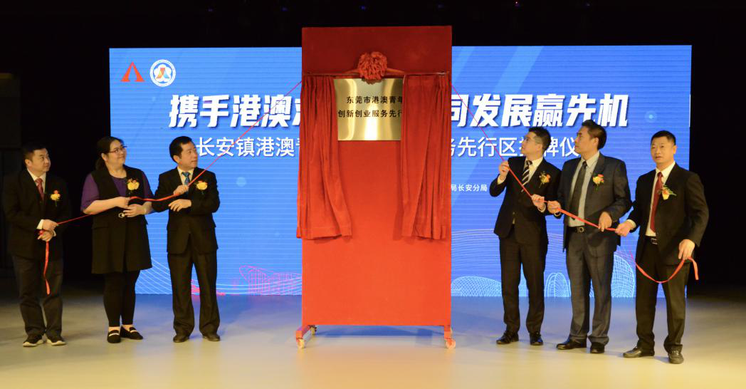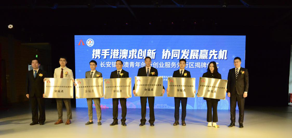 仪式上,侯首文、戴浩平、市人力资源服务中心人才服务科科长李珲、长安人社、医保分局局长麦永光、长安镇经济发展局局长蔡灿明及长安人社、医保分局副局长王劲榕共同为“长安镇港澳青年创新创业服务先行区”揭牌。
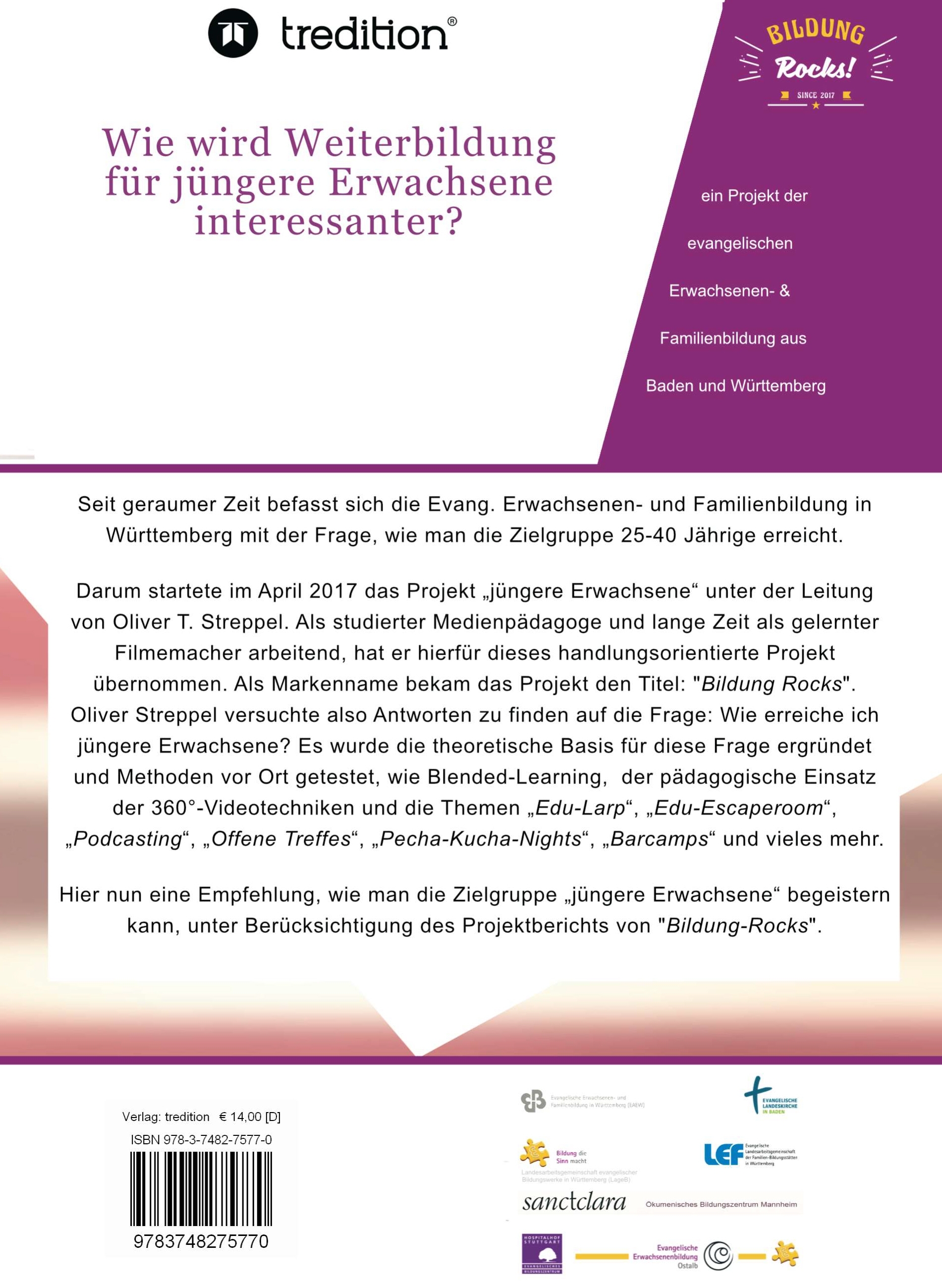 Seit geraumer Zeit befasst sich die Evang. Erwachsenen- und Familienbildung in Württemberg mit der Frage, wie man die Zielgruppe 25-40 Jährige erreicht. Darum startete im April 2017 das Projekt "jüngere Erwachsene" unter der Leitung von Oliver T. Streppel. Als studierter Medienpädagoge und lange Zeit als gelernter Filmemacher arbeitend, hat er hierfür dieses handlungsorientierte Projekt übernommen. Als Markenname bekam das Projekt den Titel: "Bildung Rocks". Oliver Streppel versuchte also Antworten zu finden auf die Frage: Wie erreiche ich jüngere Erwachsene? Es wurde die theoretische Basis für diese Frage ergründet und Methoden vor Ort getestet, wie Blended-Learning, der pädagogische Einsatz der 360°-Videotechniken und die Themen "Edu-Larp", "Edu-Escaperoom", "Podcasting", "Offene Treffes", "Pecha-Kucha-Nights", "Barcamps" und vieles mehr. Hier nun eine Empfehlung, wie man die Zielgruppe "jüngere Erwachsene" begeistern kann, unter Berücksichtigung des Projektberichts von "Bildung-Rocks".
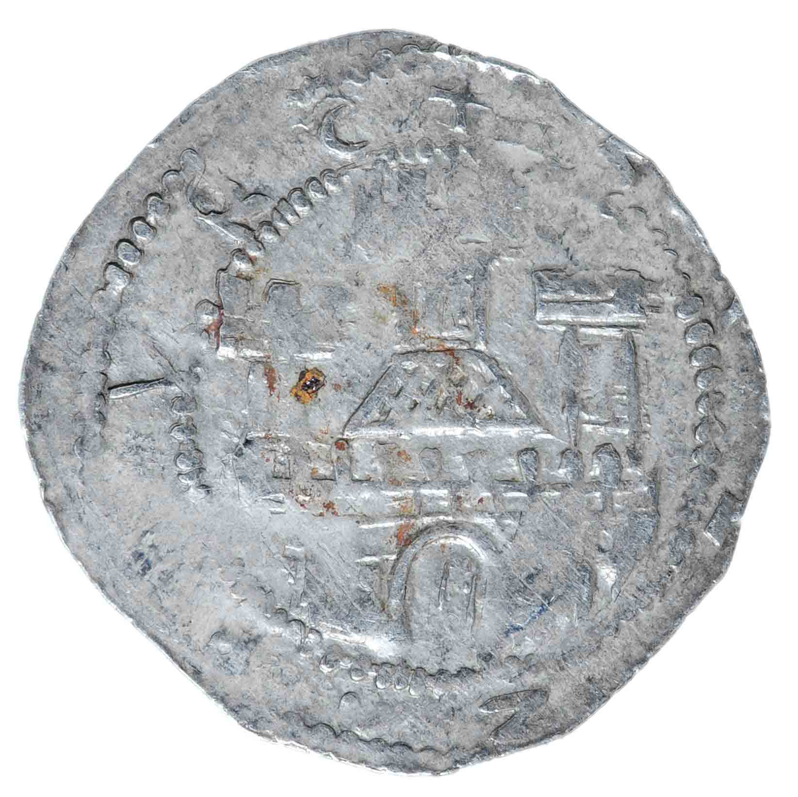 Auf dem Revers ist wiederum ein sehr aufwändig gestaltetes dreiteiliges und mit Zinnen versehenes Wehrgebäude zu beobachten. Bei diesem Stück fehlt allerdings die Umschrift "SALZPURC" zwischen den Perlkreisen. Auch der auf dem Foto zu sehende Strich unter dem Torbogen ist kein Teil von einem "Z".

|---|

• [Assignment] The required output is every line from the beginning of the material above through the line with "Seit geraumer Zeit", exact and without pictures.

• [Answer for the task]
 仪式上,侯首文、戴浩平、市人力资源服务中心人才服务科科长李珲、长安人社、医保分局局长麦永光、长安镇经济发展局局长蔡灿明及长安人社、医保分局副局长王劲榕共同为“长安镇港澳青年创新创业服务先行区”揭牌。
 Seit geraumer Zeit befasst sich die Evang. Erwachsenen- und Familienbildung in Württemberg mit der Frage, wie man die Zielgruppe 25-40 Jährige erreicht. Darum startete im April 2017 das Projekt "jüngere Erwachsene" unter der Leitung von Oliver T. Streppel. Als studierter Medienpädagoge und lange Zeit als gelernter Filmemacher arbeitend, hat er hierfür dieses handlungsorientierte Projekt übernommen. Als Markenname bekam das Projekt den Titel: "Bildung Rocks". Oliver Streppel versuchte also Antworten zu finden auf die Frage: Wie erreiche ich jüngere Erwachsene? Es wurde die theoretische Basis für diese Frage ergründet und Methoden vor Ort getestet, wie Blended-Learning, der pädagogische Einsatz der 360°-Videotechniken und die Themen "Edu-Larp", "Edu-Escaperoom", "Podcasting", "Offene Treffes", "Pecha-Kucha-Nights", "Barcamps" und vieles mehr. Hier nun eine Empfehlung, wie man die Zielgruppe "jüngere Erwachsene" begeistern kann, unter Berücksichtigung des Projektberichts von "Bildung-Rocks".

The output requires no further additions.